OpenJDK の今後に関する事態も落ち着きを見せ,PlanB によってラムダの JDK 8 (あるいはそれ以降) への先延ばしが確定した今,ラムダ自体は今後どのようになるのだろうか?
ラムダに関する最初の提案 は,Java 言語への関数型(functional type) の導入なども含んだ,かなり広範囲なものだった。しかし Java の型システムとの接点に根本的な問題が存在したため,新たな関数型 (あるいは構造的型付け/structural typing) の提案は撤回され,既存のクラスベース (あるいは名義的型付け/nominal typing) の方法が支持される結果に落ち着いた。ある意味これは,X
が Object
のサブタイプならば array[X]
は array[Object]
のサブタイプである,という事実が原因である。例外をスローする関数と組み合わせた場合,Java の型システムを損なう可能性があるのだ。

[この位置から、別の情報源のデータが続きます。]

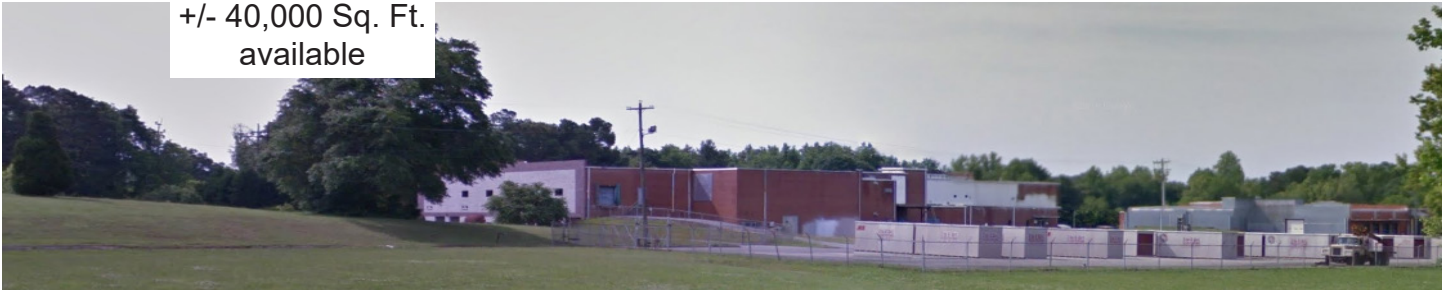
Lower Level Only
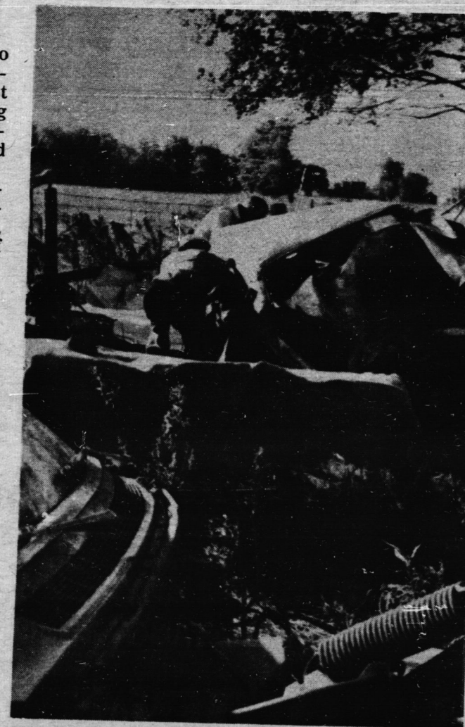
Three persons who were killed in this two car collision on the Nanticoke Sideroad last Wednesday have been identified.
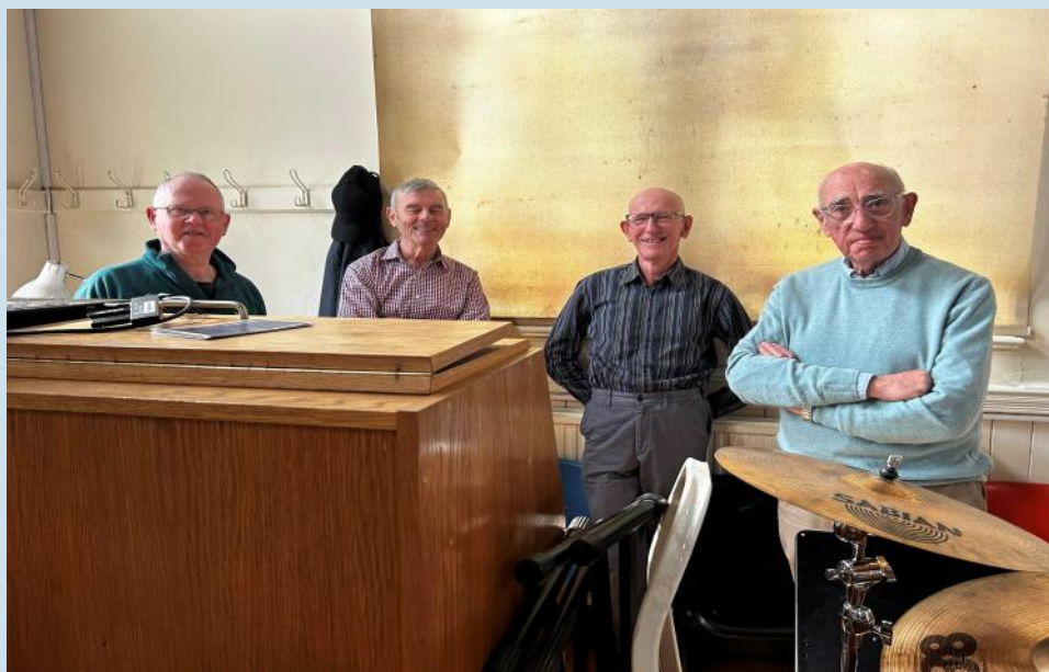
Beeston u3a's very own IT support team
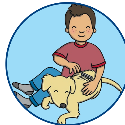
After Touching Animals
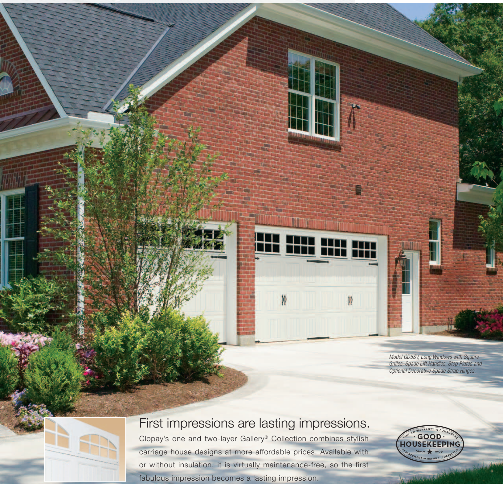
Model GD5SV, Long Windows with Square Grilles, Spade Lift Handles, Step Plates and Optional Decorative Spade Strap Hinges.
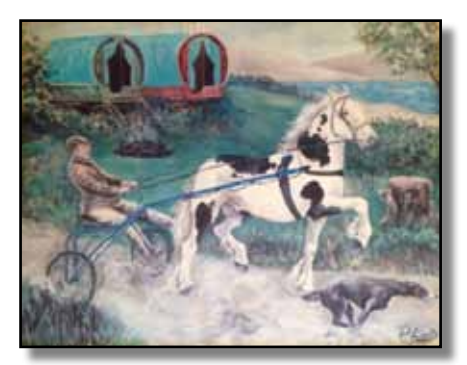
Camden Travellers Association logo

This year, Traveller representatives in Camden made significant strides forward through the setting up the new Camden Travellers Association. The idea came together after a series of frustrating meetings with Camden council officers, where little progress was being made in addressing their long standing concerns. They decided to set up the group in order to change the dynamic of the meetings and take more control over the agenda, enabling Camden Travellers to more effectively hold the council to account on their commitments. We are committed to continuing to support the Camden Travellers Association over this coming year.
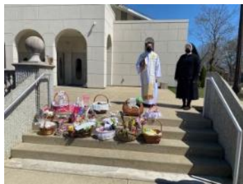
Easter Food Basket Blessing , April 3, 2021
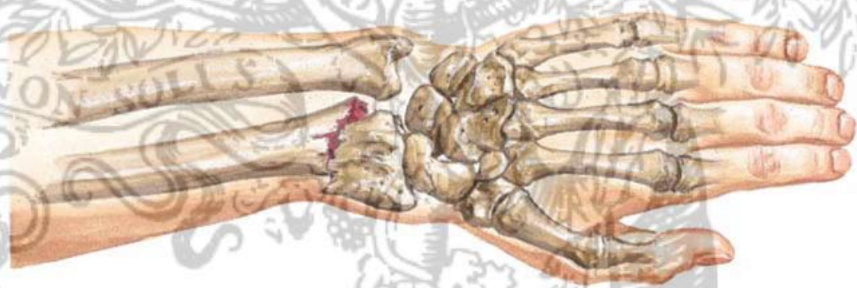
Dorsal view shows radial deviation of hand with ulnar prominence of styloid process of ulna and decrease or reverse of normal radial slope of articular surface of distal radius
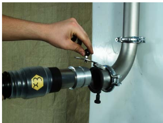
Optional control and level control

The hose connection box can be connected to a house piping without great effort. To the suction hose to connect the lid is pulled up to the box and plugged the plug. By a bolt snap the connector is fixed.
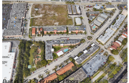
Built in 1963 - 149 units - 3 floors
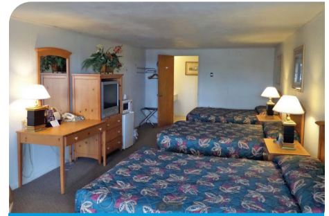
Sample Interior Room

それ以降のラムダに関する提案では,クラスの匿名インスタンスの提供が話題の中心とされてきた。実質的にこれは,匿名内部クラスで使用される定型的なコードの置き換えとなるものだ。最も 新しい提案 によると,ラムダ はそれぞれ SAM 型と呼ばれる型のインスタンスになる。SAM 型 (SAM Type - Single Abstract Method Type) とは,抽象メソッドをひとつだけ所有するインターフェースあるいは抽象クラスである。既存の内部クラスの多くは暗黙的に SAM 的アプローチに従っている (Runnable
や Comparable
など) ことから,これはラムダの適用が予想されるユースケースに幅広く適応する方法だ。
最新のドラフトでは,ラムダからの復帰を指示する独立したキーワード yield
の使用という,提案に対して異論の多かった構文要素のひとつに対処している。(この目的に return を採用しなかった当初の理論的根拠は,ラムダを含むメソッドからの復帰を可能にすることにあった。しかし一方では,既存のコードをラップしてインライン修正に置き換える "透過的ラムダ" を望む声がある。いずれにしても Java では,Smalltalk のようなブロック表現やコントロール構造が実現できないので,完全な透過性が実現できるとは考えにくい。)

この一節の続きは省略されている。